1 schematically shows a projection system according to an embodiment of the invention. The relative luminance characteristics are shown as a function of the temperature of the different light emitting elements. Fig. 4 shows a graph of current pulses in time and corresponding light output pulses of light emitting elements. Fig. 4 shows a graph of two current pulses in time and the corresponding light output pulse of the light emitting element. 4 shows a graph of four current pulses and the corresponding light output pulses of the light emitting elements. Fig. 4 schematically shows the timing of a conventional sequence of current pulses during an illumination period (e.g. an image frame period) of the projection system. Fig. 4 schematically shows an example of the timing of the sequence of current pulses according to the invention during the illumination period (e.g. an image frame period). Fig. 8 schematically shows another embodiment of the timing of the sequence of current pulses according to the invention during the illumination period (e.g. an image frame period). Fig. 4 schematically shows an example of the timing of the sequence of current pulses according to the invention during the illumination period (e.g. an image frame period).

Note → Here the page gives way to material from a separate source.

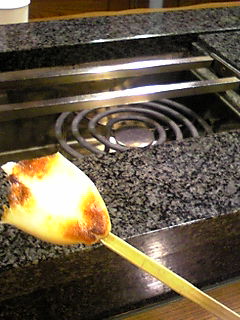 そこのお店では 自分で 笹かまを焼いて 食べるんですけど、

  FIG. 1 schematically illustrates a projection system 10 that uses light emitting elements of different primary colors. An image data input 12 receives image data that is processed in the projection system by a drive circuit 14, which drives an image or a series of images (video) in the projection device 16 having the different light emitting elements and displays. Provide drive signals for different light emitting elements that produce different primary colors, such as red, green and blue to produce. Projector 16 includes one or more lenses, one or more mirrors, one or more digitally controlled micromirror devices (DMDs), one or more liquid crystal devices (LCDs), thin film transistors (TFTs) and 1. One or more liquid crystal on silicon devices (LcoS) may be included.

  An example of such a projection system is Digital Light Processing (DLP®) technology from Texas Instruments.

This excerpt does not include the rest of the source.